Warga negara Inggris Aiden Aslin, yang ditangkap di tengah pertempuran antara pasukan Rusia dan Ukraina di Mariupol, telah mengatakan ia telah pamitan kepada keluarganya.

Pria tersebut, selain pamit ia juga mengatakan kepada keluarganya bahwa hukuman matinya kemungkinan akan dilaksanakan.

Awal bulan ini, pengadilan di Republik Rakyat Donetsk (DPR) menjatuhkan hukuman mati terhadap Aslin, rekan senegaranya Shaun Pinner, dan Maroko Saaudun Brahim.

Dikutip dari Russia Today, tiga orang, yang berjuang di pihak Ukraina, dinyatakan bersalah atas tentara bayaran, pelanggaran teroris dan berusaha untuk menggulingkan pemerintah republik.

Baca juga: Banyak Tentara Bayaran Barat yang Tak Kompeten, Saling Serang Dengan Teman Sendiri

Keluarga Aslin mengatakan kepada BBC pada hari Rabu bahwa dia menelepon mereka dan mengatakan dia telah diperingatkan oleh perwakilan DPR bahwa “waktunya hampir habis.”

“Tidak ada kata-kata; hanya tidak ada kata-kata. Pasti menjadi mimpi buruk terburuk bagi semua orang untuk memiliki anggota keluarga Anda diancam dengan cara ini, ”kata nenek sang tentara bayaran, Pamela Hall.

Dia mengatakan kepada outlet Aslin "sangat kesal" saat berbicara dengan ibunya.
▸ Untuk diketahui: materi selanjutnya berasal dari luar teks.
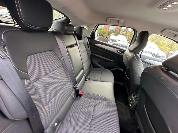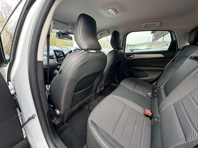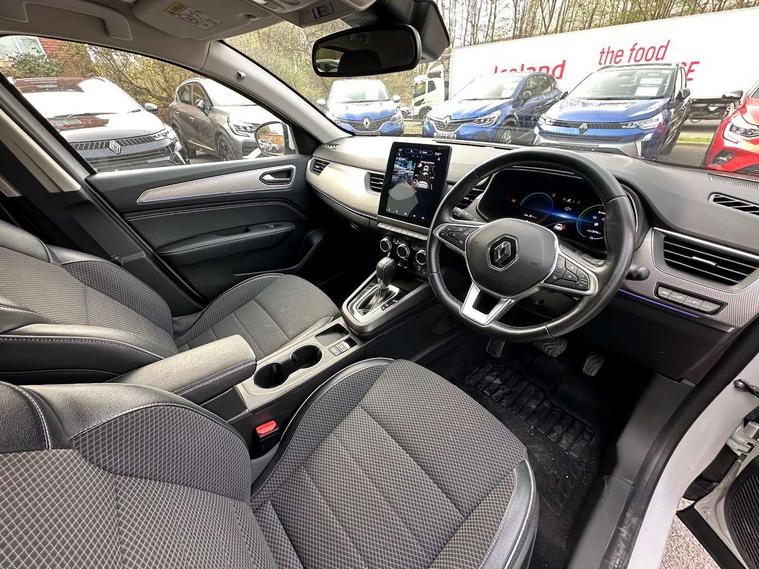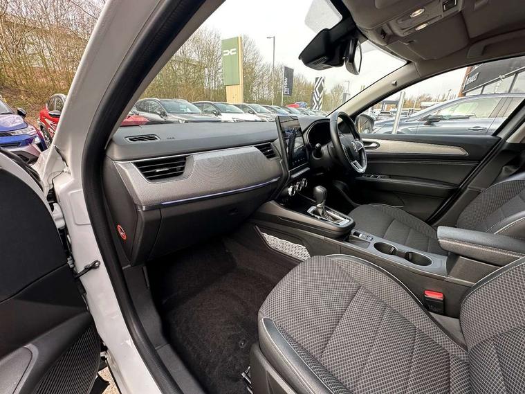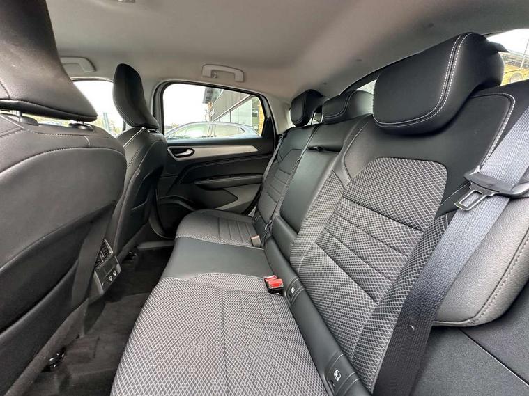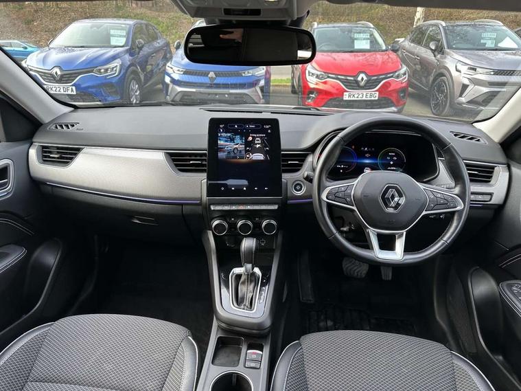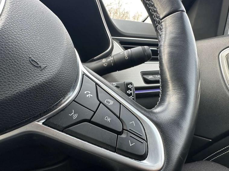 7" TFT Driver information display, Blind spot warning, Bluetooth system, EASY LINK 9.3" portrait touchscreen with navigation, Google search and traffic information, eCall emergency call system, Eco mode, EV button to activate pure mode, Front and rear parking sensors, Gear change indicator, Lane departure warning, Lane keep assist, Multi-sense - 3 driving modes and 8 ambient lighting, Rear cross traffic alert, Rear view camera, Renault automatic emergency assist, Smartphone integration compatible with Apple CarPlay and Android Auto, Traffic sign recognition with over speed prevention, Trip computer, Variable assistance electric power steering, Arkamys classic sound system with 6 speakers, DAB radio, USB port, 3rd brake light, Auto dimming rear view mirror, Automatic headlights, Automatic high / low beam, Automatic windscreen wipers with rain sensor, Black side door protection with chrome insert, Body coloured bumpers, C-shaped LED front signature lighting, Chrome decopart on wing (fender molding), Chrome window lower lining, Extra tinted rear windows and tailgate, Front and rear electric windows, Front driver window with one touch facility and anti-pinch function, Front grille with chrome on upper part, Full LED headlights, Grey front and rear skid plates, Heated rear window, Rain sensor, Rear windscreen wiper, Shiny black shark fin antenna, Side mirrors adjustable electrically, electrically foldable, with defrosting and temperature sensor, automatically foldable at vehicle closure, 3 seat bench in 2nd row, 60:40 split and fixed base rear seats, Automatic climate control with combined filter, humidity sensor and AQS, Central console with storage, Front and rear head restraints, Height and reach adjustable steering wheel, ISOFIX child seat fixing points on rear outermost seats, Leather steering wheel, LED front and rear roof lights, Rear air vents, Single front passenger seat, 3x3 point rear seat belts, ABS+EBA, Active emergency braking system, B Brake Mode - One pedal driving with increased regenerative braking, Distance warning alert, Driver airbag, Driver and passenger front and side airbag deactivation, Driver and passenger side airbags, Driver height adjustable seat belt, Electronic parking brake with auto hold, ESC (Electronic Stability Control), Front and rear no seatbelt warning sound, Front curtain airbags, Front head airbags, Hill start assist, Passenger airbag, Tyre pressure warning light, Anti drill door locks and locking fuel cap, Central door locking, Deadlocking system, Hands free keycard with Keyless access and start, RAID (Renault Anti-Intruder Device) automatic door locking, Rear side wing door and window child locking function (front driver door control panel), Superlocking, Thatcham alarm, 18" Pasadena diamond cut alloy wheels with grey inserts,
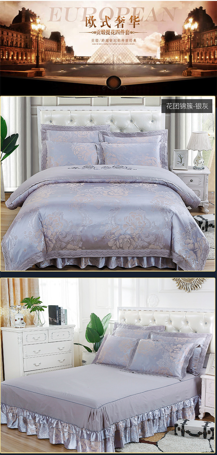 福丽莱家纺 贡缎提花床裙四件套(单层)花团锦簇-银灰

"Intinya Aiden mengatakan DPR telah mengatakan kepadanya bahwa tidak ada orang dari Inggris yang melakukan kontak, dan dia akan dieksekusi," katanya.

“Saya harus percaya apa yang dikatakan Aiden kepada kami, bahwa jika DPR tidak mendapat tanggapan maka mereka akan mengeksekusinya. Jelas, saya harap itu tidak benar,” tambah Hall.

Dia juga mengatakan dia percaya "kontak harus dilakukan antara Inggris dan Rusia" mengenai nasib cucunya.

Pihak berwenang Inggris mendekati Kremlin tentang Aslin dan Pinner awal pekan ini. Namun, menurut duta besar Rusia untuk Inggris Andrey Kevin, pesan dari London “ditulis dalam istilah yang sangat arogan dan instruktif. Itu tidak membuat kami ingin bekerja sama dalam masalah ini.”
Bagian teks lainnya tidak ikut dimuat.